Working to Succeed
Walter Green, internationally published author of “This is the Moment,” shares his thoughts on gratitude and mentorship. Green, his wife Lola, and his funding partner, Lisa Liguori, recently helped launch the “Working to Succeed” initiative at Just in Time for Foster Youth.
Q: Have you always been grateful?
A: I think I have always been very conscious that I am the product of many influences in my life. I have paid attention to that. I do not know if the gratitude muscle started when I was a kid. Probably not. I think most people only fully realize impact as they mature. The first real evidence I have is when I celebrated my 50th birthday. I invited seven friends, people who had influenced my life, and I expressed to them what they each had meant to me.
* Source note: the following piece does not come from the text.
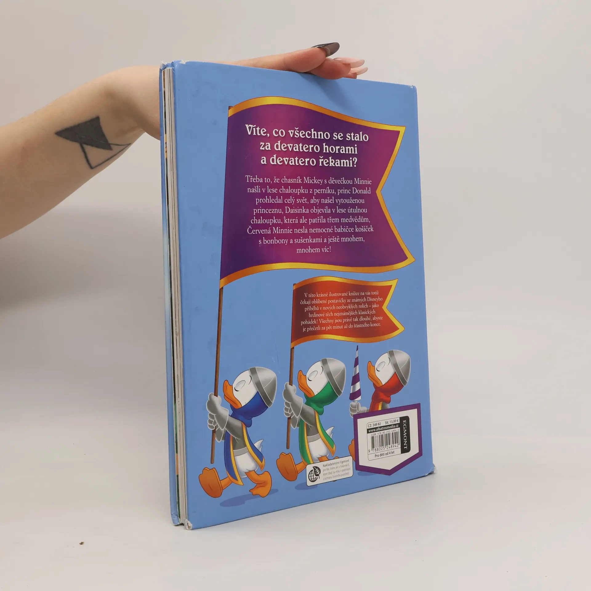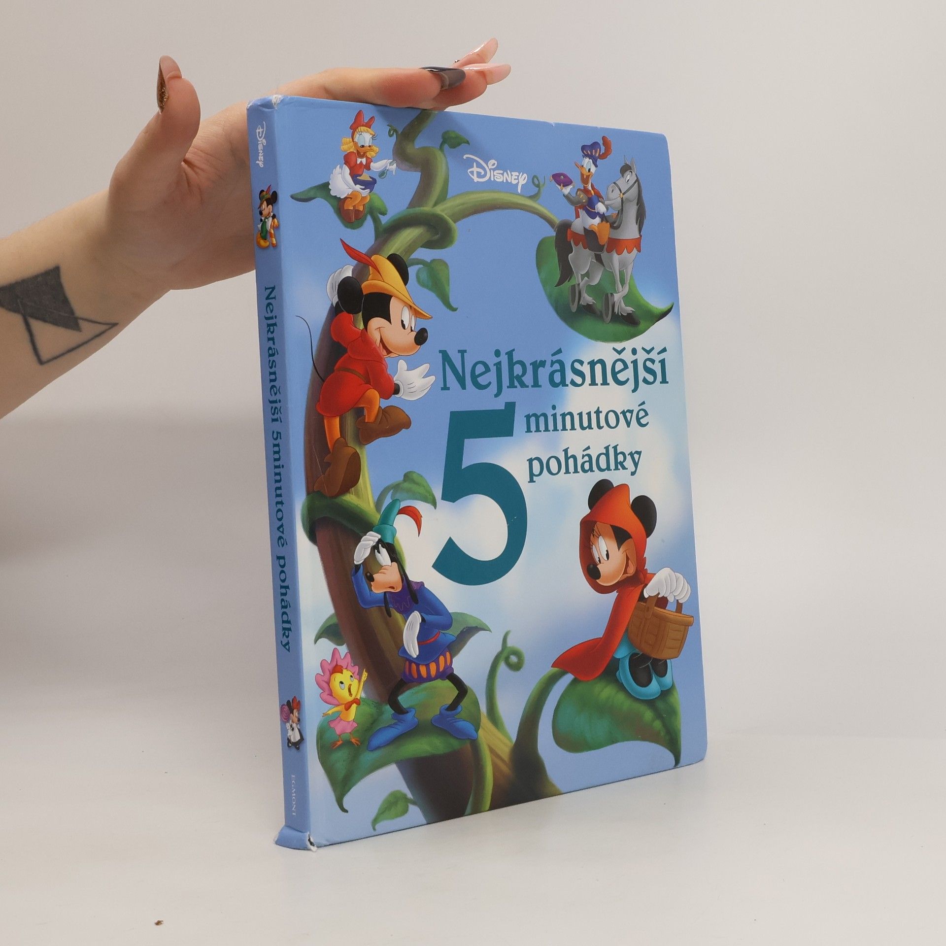 Sbírka 12 známých pohádek s populárními postavičkami od Disneyho v hlavní roli Víte, co vše se stalo za devatero horami a devatero řekami? Třeba to, že chasník Mickey našel v lese chaloupku z perníku, princ Donald jel za svou princeznou přes celý svět, Červená Minnie nesla babičce košíček s dobrotami, a ještě mnohem víc! V úžasně ilustrovaných příbězích na vás čekají postavičky od Disneyho v nové roli – jako hrdinové klasických pohádek. A každá z nich je právě tak dlouhá, že ji s dětmi za pět minut přečtete až do šťastného konce.

This grew into the idea that, ‘I do not want to be one of those people who, when they lose their friends, they have things left unsaid.’ That is what prompted my journey of gratitude, which was taking a year off and visiting one person at a time, spending time with them and revealing, in detail, how they had impacted my life.
Q: You invest a lot of energy in organizations like Just in Time for Foster Youth (JIT). How does helping youth align with your mission of gratitude?
A: I have been fortunate to have the assistance and good luck that I have. The youth that JIT works with did not really have anything to do with the hand they were dealt. One of the reasons I like JIT is that they are dedicated to reshuffling the deck and helping the youth play a better hand going forward, and that speaks to me.
Q: You also act as a mentor for youth. How important is it to have a mentor?
A: Having someone who can share life experiences with us and save us from making some of the same mistakes or to help us capture untapped opportunities is a powerful thing. We call them mentors, parents, friends or uncles. I think it is a gift of life to have a mentor or to have anybody, no matter what their title, to provide some mentoring to you.
For the young adults who are served by JIT, there is an absence of a family structure, which is normally where the people who provide that guidance come from. In that case, a mentor role is critical because it compensates for the loss of the family who traditionally play that role.
Q: Can it be difficult to express gratitude for people if you do not have a community or many meaningful relationships?
A: There is an opportunity to awaken oneself to relationships with people who are trying to reach out. Think about teachers, coaches, people who went out of their way, not just to teach you a sport or a subject, but to teach you something about life. They may not be called mentors, but they are playing a mentoring role. I think it would be rare to not have someone in your life to be grateful for. We have to raise consciousness. The ability to express gratitude is a practice. The first time, like anything else, is a little bit awkward, but an awkward expression of “thank you” is far better than silence.